Task objective | Each line in the listing is to be restated exactly.
***** Data *****
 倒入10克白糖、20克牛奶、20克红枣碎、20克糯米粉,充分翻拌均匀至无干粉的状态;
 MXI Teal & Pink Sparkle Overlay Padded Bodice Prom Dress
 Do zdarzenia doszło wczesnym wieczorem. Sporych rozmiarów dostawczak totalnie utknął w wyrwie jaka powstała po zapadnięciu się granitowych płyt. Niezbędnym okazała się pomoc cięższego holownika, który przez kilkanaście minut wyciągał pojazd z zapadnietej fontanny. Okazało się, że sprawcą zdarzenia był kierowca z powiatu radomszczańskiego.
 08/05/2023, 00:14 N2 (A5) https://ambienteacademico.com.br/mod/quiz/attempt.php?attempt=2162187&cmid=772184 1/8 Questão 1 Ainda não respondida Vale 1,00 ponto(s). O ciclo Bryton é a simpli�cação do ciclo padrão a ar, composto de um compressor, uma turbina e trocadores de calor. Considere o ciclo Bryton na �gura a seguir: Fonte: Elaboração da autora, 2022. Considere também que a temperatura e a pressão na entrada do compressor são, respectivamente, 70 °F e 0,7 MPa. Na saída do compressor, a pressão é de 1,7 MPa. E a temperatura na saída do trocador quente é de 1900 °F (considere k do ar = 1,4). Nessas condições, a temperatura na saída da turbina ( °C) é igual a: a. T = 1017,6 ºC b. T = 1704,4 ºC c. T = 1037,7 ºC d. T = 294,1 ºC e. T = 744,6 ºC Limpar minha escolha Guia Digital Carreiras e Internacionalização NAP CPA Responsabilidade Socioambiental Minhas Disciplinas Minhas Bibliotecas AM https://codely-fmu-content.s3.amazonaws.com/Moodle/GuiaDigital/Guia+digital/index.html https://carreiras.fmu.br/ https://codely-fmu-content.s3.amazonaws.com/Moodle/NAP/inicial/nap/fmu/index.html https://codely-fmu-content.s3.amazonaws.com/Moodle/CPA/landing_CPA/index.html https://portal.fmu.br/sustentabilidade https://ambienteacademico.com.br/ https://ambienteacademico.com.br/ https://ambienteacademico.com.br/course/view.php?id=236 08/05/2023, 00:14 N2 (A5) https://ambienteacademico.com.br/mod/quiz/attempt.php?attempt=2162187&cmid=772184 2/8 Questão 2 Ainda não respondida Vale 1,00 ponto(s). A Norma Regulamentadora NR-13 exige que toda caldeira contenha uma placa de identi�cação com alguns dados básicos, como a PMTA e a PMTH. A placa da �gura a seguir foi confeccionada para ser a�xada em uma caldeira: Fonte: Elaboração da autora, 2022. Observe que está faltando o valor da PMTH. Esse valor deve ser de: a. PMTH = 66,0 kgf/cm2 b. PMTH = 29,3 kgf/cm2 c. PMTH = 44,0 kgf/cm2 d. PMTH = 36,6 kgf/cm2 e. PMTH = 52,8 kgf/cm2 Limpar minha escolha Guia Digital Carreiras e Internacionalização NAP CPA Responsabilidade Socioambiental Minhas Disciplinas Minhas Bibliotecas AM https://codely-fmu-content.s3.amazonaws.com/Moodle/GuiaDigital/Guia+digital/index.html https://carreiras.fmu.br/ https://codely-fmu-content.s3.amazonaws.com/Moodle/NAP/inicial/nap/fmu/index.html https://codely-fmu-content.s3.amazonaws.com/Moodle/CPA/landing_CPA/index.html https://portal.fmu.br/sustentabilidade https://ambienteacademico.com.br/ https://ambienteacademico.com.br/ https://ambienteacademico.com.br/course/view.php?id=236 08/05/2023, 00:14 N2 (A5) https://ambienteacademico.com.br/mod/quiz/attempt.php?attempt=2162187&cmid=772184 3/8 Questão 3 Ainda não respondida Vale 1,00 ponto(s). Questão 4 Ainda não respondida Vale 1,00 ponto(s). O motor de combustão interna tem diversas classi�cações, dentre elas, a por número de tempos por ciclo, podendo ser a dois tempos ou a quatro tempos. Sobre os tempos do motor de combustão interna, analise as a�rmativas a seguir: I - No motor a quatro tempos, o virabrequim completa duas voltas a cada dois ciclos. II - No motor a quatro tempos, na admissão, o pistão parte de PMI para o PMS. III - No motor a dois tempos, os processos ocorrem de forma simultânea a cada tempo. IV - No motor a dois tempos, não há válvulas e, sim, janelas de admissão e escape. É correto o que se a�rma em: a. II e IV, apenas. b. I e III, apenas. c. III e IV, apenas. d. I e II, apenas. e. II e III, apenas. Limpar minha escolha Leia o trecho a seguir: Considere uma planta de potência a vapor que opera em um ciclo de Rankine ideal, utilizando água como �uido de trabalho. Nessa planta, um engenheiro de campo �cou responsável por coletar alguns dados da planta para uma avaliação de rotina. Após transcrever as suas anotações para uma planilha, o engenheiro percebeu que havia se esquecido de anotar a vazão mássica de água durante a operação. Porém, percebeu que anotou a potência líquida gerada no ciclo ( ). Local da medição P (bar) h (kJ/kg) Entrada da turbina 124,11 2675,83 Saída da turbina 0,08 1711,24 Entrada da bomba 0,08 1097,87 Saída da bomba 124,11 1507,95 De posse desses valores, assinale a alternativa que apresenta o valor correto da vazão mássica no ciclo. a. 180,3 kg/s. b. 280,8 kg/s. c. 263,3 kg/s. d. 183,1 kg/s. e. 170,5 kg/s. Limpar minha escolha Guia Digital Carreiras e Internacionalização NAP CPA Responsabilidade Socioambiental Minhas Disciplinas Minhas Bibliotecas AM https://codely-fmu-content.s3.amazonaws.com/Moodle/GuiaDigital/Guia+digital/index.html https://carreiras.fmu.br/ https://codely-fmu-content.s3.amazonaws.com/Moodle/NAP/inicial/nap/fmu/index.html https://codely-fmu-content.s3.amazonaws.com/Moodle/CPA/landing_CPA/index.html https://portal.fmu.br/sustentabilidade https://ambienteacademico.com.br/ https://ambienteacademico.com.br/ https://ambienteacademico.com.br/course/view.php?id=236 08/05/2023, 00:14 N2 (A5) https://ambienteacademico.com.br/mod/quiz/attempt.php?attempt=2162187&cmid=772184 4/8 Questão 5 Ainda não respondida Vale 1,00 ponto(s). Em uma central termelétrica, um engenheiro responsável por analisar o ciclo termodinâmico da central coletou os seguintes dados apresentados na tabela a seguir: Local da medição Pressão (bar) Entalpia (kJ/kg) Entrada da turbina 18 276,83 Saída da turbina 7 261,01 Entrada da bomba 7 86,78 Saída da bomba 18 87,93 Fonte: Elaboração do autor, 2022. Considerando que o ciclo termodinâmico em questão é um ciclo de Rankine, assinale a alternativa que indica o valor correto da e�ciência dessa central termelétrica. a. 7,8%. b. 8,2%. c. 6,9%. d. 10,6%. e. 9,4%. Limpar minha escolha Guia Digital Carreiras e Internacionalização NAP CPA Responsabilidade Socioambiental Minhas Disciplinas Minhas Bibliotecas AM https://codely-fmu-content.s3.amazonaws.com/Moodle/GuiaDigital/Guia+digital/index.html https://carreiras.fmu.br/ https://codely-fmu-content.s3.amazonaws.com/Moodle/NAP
*****
Final answer |
 倒入10克白糖、20克牛奶、20克红枣碎、20克糯米粉,充分翻拌均匀至无干粉的状态;
 MXI Teal & Pink Sparkle Overlay Padded Bodice Prom Dress
 Do zdarzenia doszło wczesnym wieczorem. Sporych rozmiarów dostawczak totalnie utknął w wyrwie jaka powstała po zapadnięciu się granitowych płyt. Niezbędnym okazała się pomoc cięższego holownika, który przez kilkanaście minut wyciągał pojazd z zapadnietej fontanny. Okazało się, że sprawcą zdarzenia był kierowca z powiatu radomszczańskiego.
 08/05/2023, 00:14 N2 (A5) https://ambienteacademico.com.br/mod/quiz/attempt.php?attempt=2162187&cmid=772184 1/8 Questão 1 Ainda não respondida Vale 1,00 ponto(s). O ciclo Bryton é a simpli�cação do ciclo padrão a ar, composto de um compressor, uma turbina e trocadores de calor. Considere o ciclo Bryton na �gura a seguir: Fonte: Elaboração da autora, 2022. Considere também que a temperatura e a pressão na entrada do compressor são, respectivamente, 70 °F e 0,7 MPa. Na saída do compressor, a pressão é de 1,7 MPa. E a temperatura na saída do trocador quente é de 1900 °F (considere k do ar = 1,4). Nessas condições, a temperatura na saída da turbina ( °C) é igual a: a. T = 1017,6 ºC b. T = 1704,4 ºC c. T = 1037,7 ºC d. T = 294,1 ºC e. T = 744,6 ºC Limpar minha escolha Guia Digital Carreiras e Internacionalização NAP CPA Responsabilidade Socioambiental Minhas Disciplinas Minhas Bibliotecas AM https://codely-fmu-content.s3.amazonaws.com/Moodle/GuiaDigital/Guia+digital/index.html https://carreiras.fmu.br/ https://codely-fmu-content.s3.amazonaws.com/Moodle/NAP/inicial/nap/fmu/index.html https://codely-fmu-content.s3.amazonaws.com/Moodle/CPA/landing_CPA/index.html https://portal.fmu.br/sustentabilidade https://ambienteacademico.com.br/ https://ambienteacademico.com.br/ https://ambienteacademico.com.br/course/view.php?id=236 08/05/2023, 00:14 N2 (A5) https://ambienteacademico.com.br/mod/quiz/attempt.php?attempt=2162187&cmid=772184 2/8 Questão 2 Ainda não respondida Vale 1,00 ponto(s). A Norma Regulamentadora NR-13 exige que toda caldeira contenha uma placa de identi�cação com alguns dados básicos, como a PMTA e a PMTH. A placa da �gura a seguir foi confeccionada para ser a�xada em uma caldeira: Fonte: Elaboração da autora, 2022. Observe que está faltando o valor da PMTH. Esse valor deve ser de: a. PMTH = 66,0 kgf/cm2 b. PMTH = 29,3 kgf/cm2 c. PMTH = 44,0 kgf/cm2 d. PMTH = 36,6 kgf/cm2 e. PMTH = 52,8 kgf/cm2 Limpar minha escolha Guia Digital Carreiras e Internacionalização NAP CPA Responsabilidade Socioambiental Minhas Disciplinas Minhas Bibliotecas AM https://codely-fmu-content.s3.amazonaws.com/Moodle/GuiaDigital/Guia+digital/index.html https://carreiras.fmu.br/ https://codely-fmu-content.s3.amazonaws.com/Moodle/NAP/inicial/nap/fmu/index.html https://codely-fmu-content.s3.amazonaws.com/Moodle/CPA/landing_CPA/index.html https://portal.fmu.br/sustentabilidade https://ambienteacademico.com.br/ https://ambienteacademico.com.br/ https://ambienteacademico.com.br/course/view.php?id=236 08/05/2023, 00:14 N2 (A5) https://ambienteacademico.com.br/mod/quiz/attempt.php?attempt=2162187&cmid=772184 3/8 Questão 3 Ainda não respondida Vale 1,00 ponto(s). Questão 4 Ainda não respondida Vale 1,00 ponto(s). O motor de combustão interna tem diversas classi�cações, dentre elas, a por número de tempos por ciclo, podendo ser a dois tempos ou a quatro tempos. Sobre os tempos do motor de combustão interna, analise as a�rmativas a seguir: I - No motor a quatro tempos, o virabrequim completa duas voltas a cada dois ciclos. II - No motor a quatro tempos, na admissão, o pistão parte de PMI para o PMS. III - No motor a dois tempos, os processos ocorrem de forma simultânea a cada tempo. IV - No motor a dois tempos, não há válvulas e, sim, janelas de admissão e escape. É correto o que se a�rma em: a. II e IV, apenas. b. I e III, apenas. c. III e IV, apenas. d. I e II, apenas. e. II e III, apenas. Limpar minha escolha Leia o trecho a seguir: Considere uma planta de potência a vapor que opera em um ciclo de Rankine ideal, utilizando água como �uido de trabalho. Nessa planta, um engenheiro de campo �cou responsável por coletar alguns dados da planta para uma avaliação de rotina. Após transcrever as suas anotações para uma planilha, o engenheiro percebeu que havia se esquecido de anotar a vazão mássica de água durante a operação. Porém, percebeu que anotou a potência líquida gerada no ciclo ( ). Local da medição P (bar) h (kJ/kg) Entrada da turbina 124,11 2675,83 Saída da turbina 0,08 1711,24 Entrada da bomba 0,08 1097,87 Saída da bomba 124,11 1507,95 De posse desses valores, assinale a alternativa que apresenta o valor correto da vazão mássica no ciclo. a. 180,3 kg/s. b. 280,8 kg/s. c. 263,3 kg/s. d. 183,1 kg/s. e. 170,5 kg/s. Limpar minha escolha Guia Digital Carreiras e Internacionalização NAP CPA Responsabilidade Socioambiental Minhas Disciplinas Minhas Bibliotecas AM https://codely-fmu-content.s3.amazonaws.com/Moodle/GuiaDigital/Guia+digital/index.html https://carreiras.fmu.br/ https://codely-fmu-content.s3.amazonaws.com/Moodle/NAP/inicial/nap/fmu/index.html https://codely-fmu-content.s3.amazonaws.com/Moodle/CPA/landing_CPA/index.html https://portal.fmu.br/sustentabilidade https://ambienteacademico.com.br/ https://ambienteacademico.com.br/ https://ambienteacademico.com.br/course/view.php?id=236 08/05/2023, 00:14 N2 (A5) https://ambienteacademico.com.br/mod/quiz/attempt.php?attempt=2162187&cmid=772184 4/8 Questão 5 Ainda não respondida Vale 1,00 ponto(s). Em uma central termelétrica, um engenheiro responsável por analisar o ciclo termodinâmico da central coletou os seguintes dados apresentados na tabela a seguir: Local da medição Pressão (bar) Entalpia (kJ/kg) Entrada da turbina 18 276,83 Saída da turbina 7 261,01 Entrada da bomba 7 86,78 Saída da bomba 18 87,93 Fonte: Elaboração do autor, 2022. Considerando que o ciclo termodinâmico em questão é um ciclo de Rankine, assinale a alternativa que indica o valor correto da e�ciência dessa central termelétrica. a. 7,8%. b. 8,2%. c. 6,9%. d. 10,6%. e. 9,4%. Limpar minha escolha Guia Digital Carreiras e Internacionalização NAP CPA Responsabilidade Socioambiental Minhas Disciplinas Minhas Bibliotecas AM https://codely-fmu-content.s3.amazonaws.com/Moodle/GuiaDigital/Guia+digital/index.html https://carreiras.fmu.br/ https://codely-fmu-content.s3.amazonaws.com/Moodle/NAP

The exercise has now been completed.